Çoğu zaman Hoca, sabahleyin ilk vapurla Üsküdar'a geçer, Kısıklı tramvayına biner, oradaan da Çamlıca tepesine çıkardı. Bir ağaç ve çalı dibine oturur, tek başına tefekküre dalardı. Çalıların, otların, çiçeklerin ve böceklerin dünyasında, âdeta onlarla konuşur, dertleşir ve haşır neşir olurdu. Onu orada öyle gören çobanlar da hâline şaşar kalırlardı. Bilmeyenler, deli zanneder yanına yaklaşmaya çekinirlerdi. Çoğu zaman selâm bile vermeden geçer giderlerdi. Daha önceden tanış olanlar selâm verir, ayaküstü birkaç kelâm ederlerdi. Hoca, bir defasında Çamlıca eteklerinde karşılaştığı bir amcadan hayranlıkla söz etmiş ve o olayı şöyle dile getirmişti:
"Geçenlerde henüz sıcak bir gündüz ortasında buralı bir dostumla şehrin Kadıköy geçesinde İbrahimağa yokuşu denilen bir semt arkasında Çamlıca'ya doğru yürüyüş yapıyorduk, toprak bir yolun üstünde yolu tıkayan bir kaya parçasını kazma ile kırarak, yolu açmaya çalışan bir adama rastladık. Önce bunu bir amele zannettik. Arkadaşım, siyah, tekerlek sakallı, tatlı ve güler yüzlü, oldukça iri ve dinç cüssesiyle çalışan o adama selâm verdi;
- Amele misin? Yalnız mı çalışıyorsun?
diye sordu. Kazmasına dayanarak bir gazali andıran derin ve siyah gözleriyle bizi süzdükten sonra, o kahraman Türkmen'in heyecanlı ve gür sesini dinlerken kulaklarıma inanamadım:
- Ben arabacıyım, na şu karşı kulübede oturuyorum, amele değilim. Allah için bu yolu yapıyorum, dedi.
Bizim şaşkınlığımıza bakıyordu. Biz sormadan o devam etti. Lâkin gözleri dolmuştu, sesi titriyordu. Serbestçe ağlayabilen bir kahramana benziyordu:
- Babam Çanakkale'de şehit oldu, bir helva pişiremedim. Evladımı İstiklal Harbi'nde kurban verdim, bir Mevlit okutamadım. Ruhlarına gönderecek bir şeyim yok. İşte şimdi bu hayrı yapıyorum, dedi.

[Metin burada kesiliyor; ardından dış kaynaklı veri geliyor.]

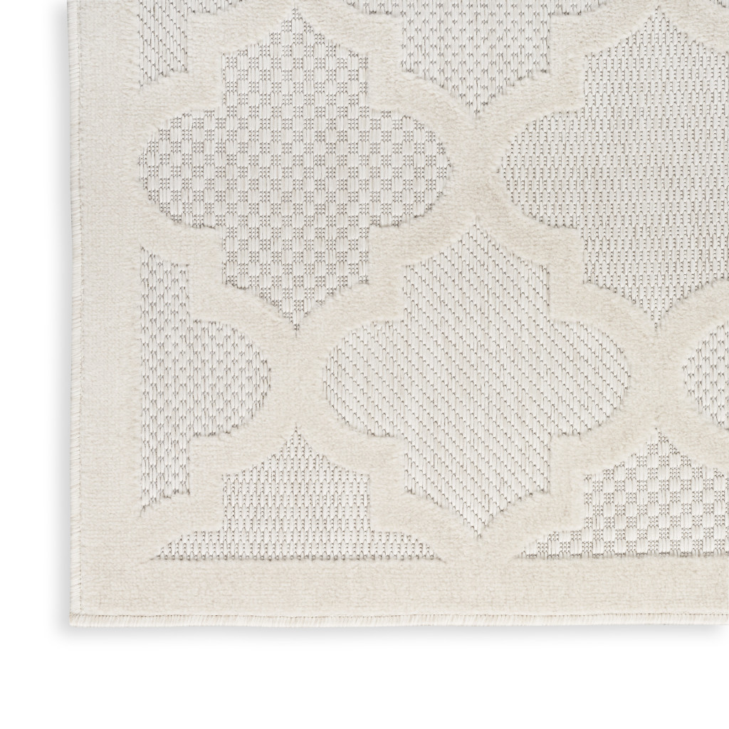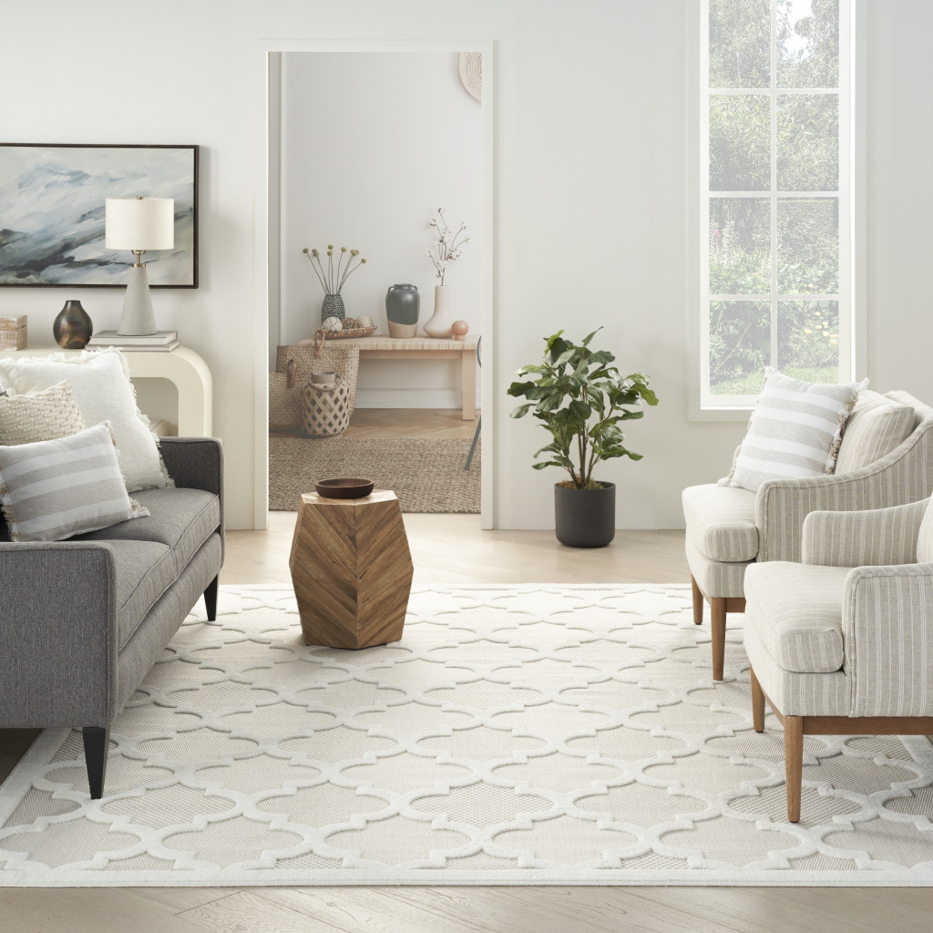 Set an inviting tone in your space with this 7-foot x 10-foot ivory and white indoor outdoor area rug. Versatile in use, durable, and easy to maintain, this rug is an ideal solution to add a decorative and inviting touch to your indoor or outdoor space. Crafted with a machine-made construction, this rectangular rug combines style with functionality. Its color palette of ivory and white effortlessly complements various design aesthetics, making it a perfect addition for enhancing any atmosphere. 84-inch h x 120-inch w x 0.25-inch d.

Hemen kazmaya sarıldı, "Allah" diye başladığı işine devam etti.
Fakir ve dertli baba, evladı için böyle bir hayır işlemekle yürek acısını dindirmeye çalışıyordu. Ben de içim sızlayarak, "Allah büyük, inşallah kabul eder" dedim. Ne zaman oradan geçsem, yaşlı amcanın o hâli gözümün önüne gelir; dindarlık işte budur, diye düşünürüm...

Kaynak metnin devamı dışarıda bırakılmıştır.